- SUPPLIED INFORMATION -
——————————
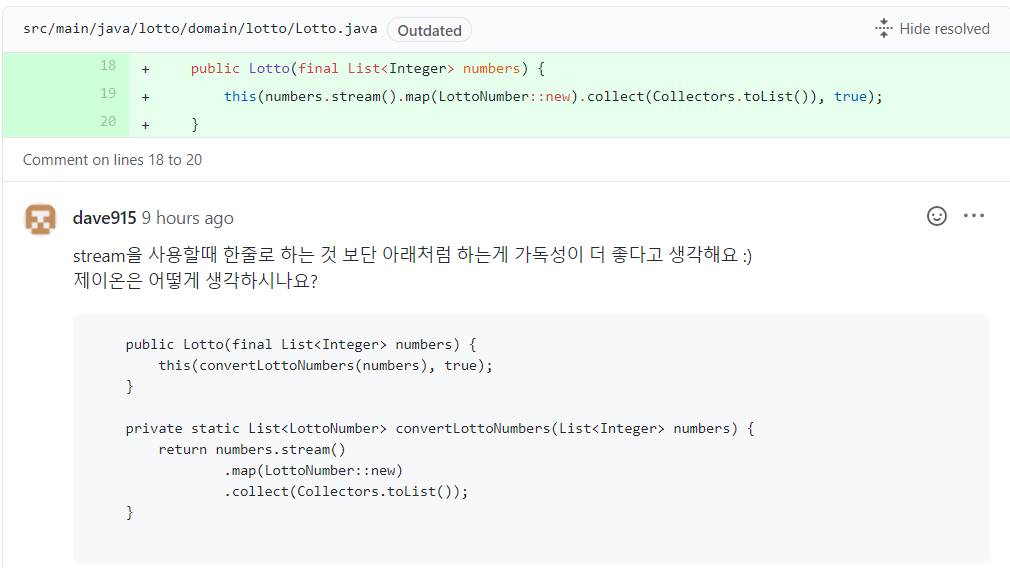 오늘은 기다리던 로또 미션의 1차 피드백을 받아 보았습니다. 그 외에 독서도 하기는 하였지만 메인은 역시 코드 리뷰 내용이겠죠? 제가 피드백 반영한 부분을 위주로 말씀드리겠습니다.
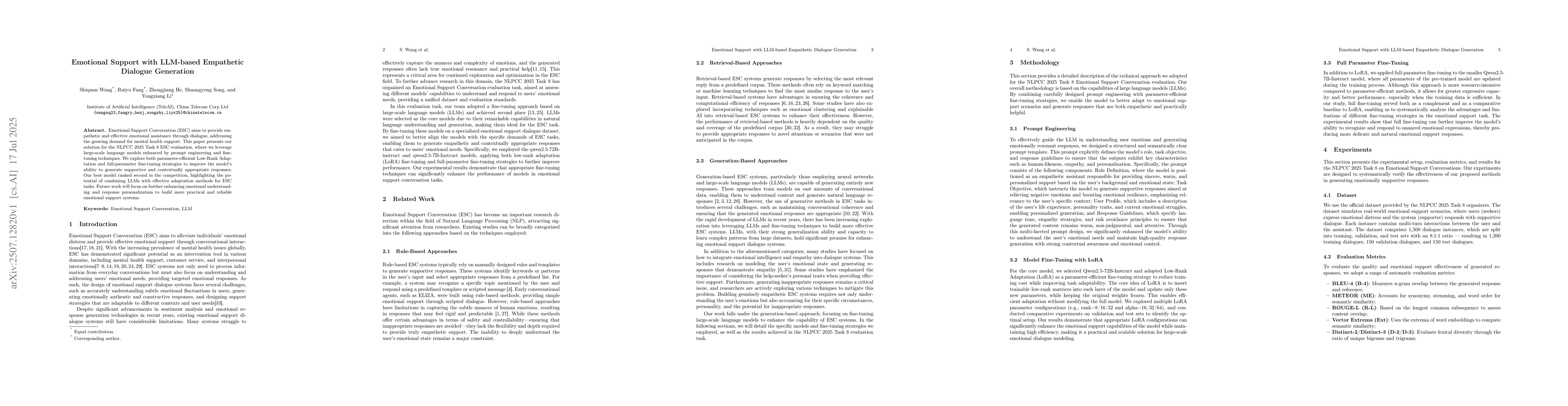 Emotional Support Conversation (ESC) aims to provide empathetic and effective emotional assistance through dialogue, addressing the growing demand for mental health support. This paper presents our solution for the NLPCC 2025 Task 8 ESC evaluation, where we leverage large-scale language models enhanced by prompt engineering and finetuning techniques. We explore both parameter-efficient Low-Rank Adaptation and full-parameter fine-tuning strategies to improve the model's ability to generate supportive and contextually appropriate responses. Our best model ranked second in the competition, highlighting the potential of combining LLMs with effective adaptation methods for ESC tasks. Future work will focus on further enhancing emotional understanding and response personalization to build more practical and reliable emotional support systems.
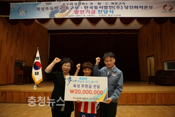 한국동서발전(주) 당진화력본부(본부장 박상준)는 14일 당진 관내 계성초, 신평중을 방문해 유소년 축구 꿈나무 육성을 위한 후원금 전달식을 가졌다고 밝혔다.
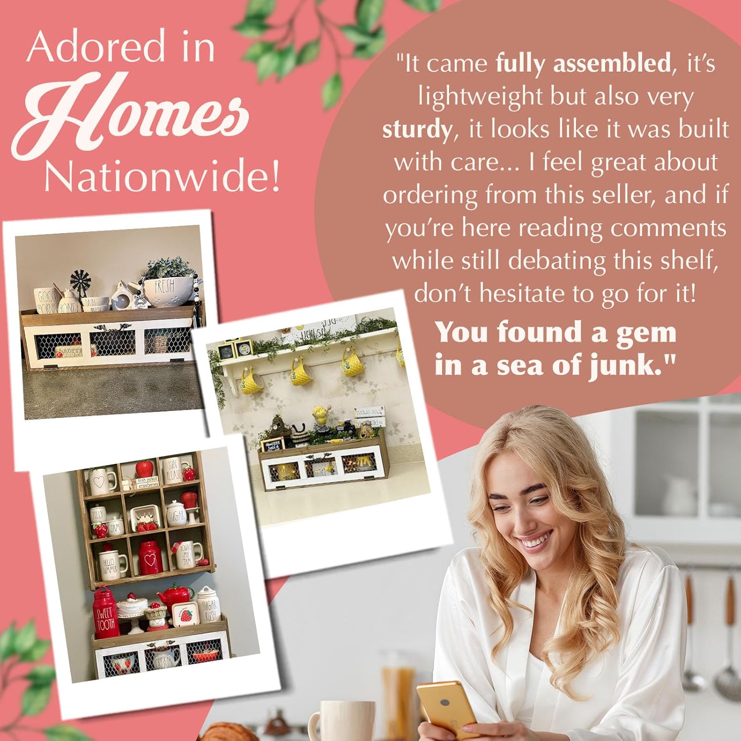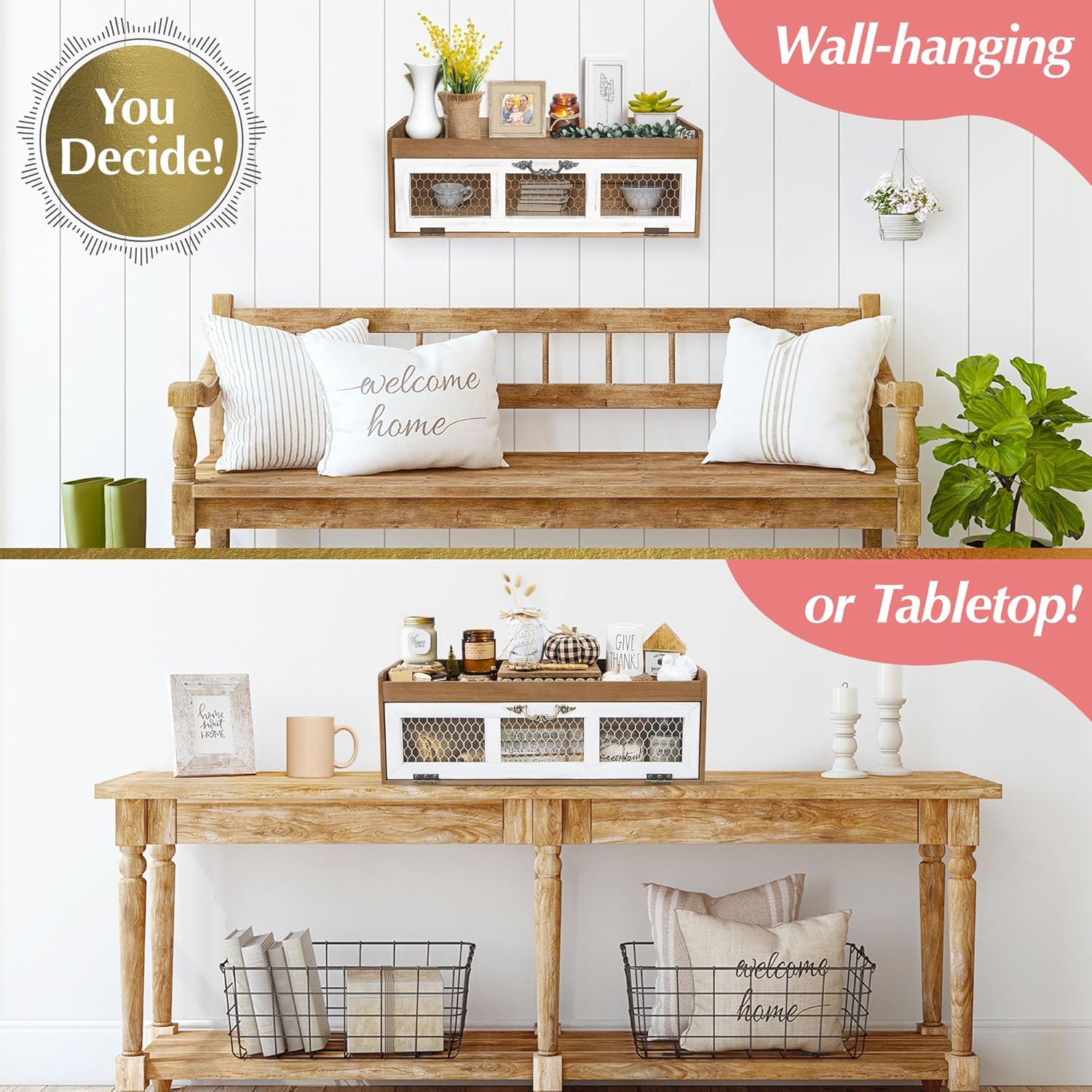 - Arrives Fully Assembled - Get right to decorating on this gorgeous, over 24" wide neutral wood & white chicken wire shelf! Use as bathroom organizer countertop shelf or as your kitchen counter decor space saver and decorative centerpiece! On the counter or wall mounted, these meticulously hand finished pieces provide maximum display space with no inner partitions and includes an upper rimmed shelf for safe display of ceramics!
——————————
Exactly as written, give again every line from the one containing "한국동서발전(주) 당진화력본부(본부장 박상준)는" through the last line of the material, both included, with the pictures left out.

 한국동서발전(주) 당진화력본부(본부장 박상준)는 14일 당진 관내 계성초, 신평중을 방문해 유소년 축구 꿈나무 육성을 위한 후원금 전달식을 가졌다고 밝혔다.
 - Arrives Fully Assembled - Get right to decorating on this gorgeous, over 24" wide neutral wood & white chicken wire shelf! Use as bathroom organizer countertop shelf or as your kitchen counter decor space saver and decorative centerpiece! On the counter or wall mounted, these meticulously hand finished pieces provide maximum display space with no inner partitions and includes an upper rimmed shelf for safe display of ceramics!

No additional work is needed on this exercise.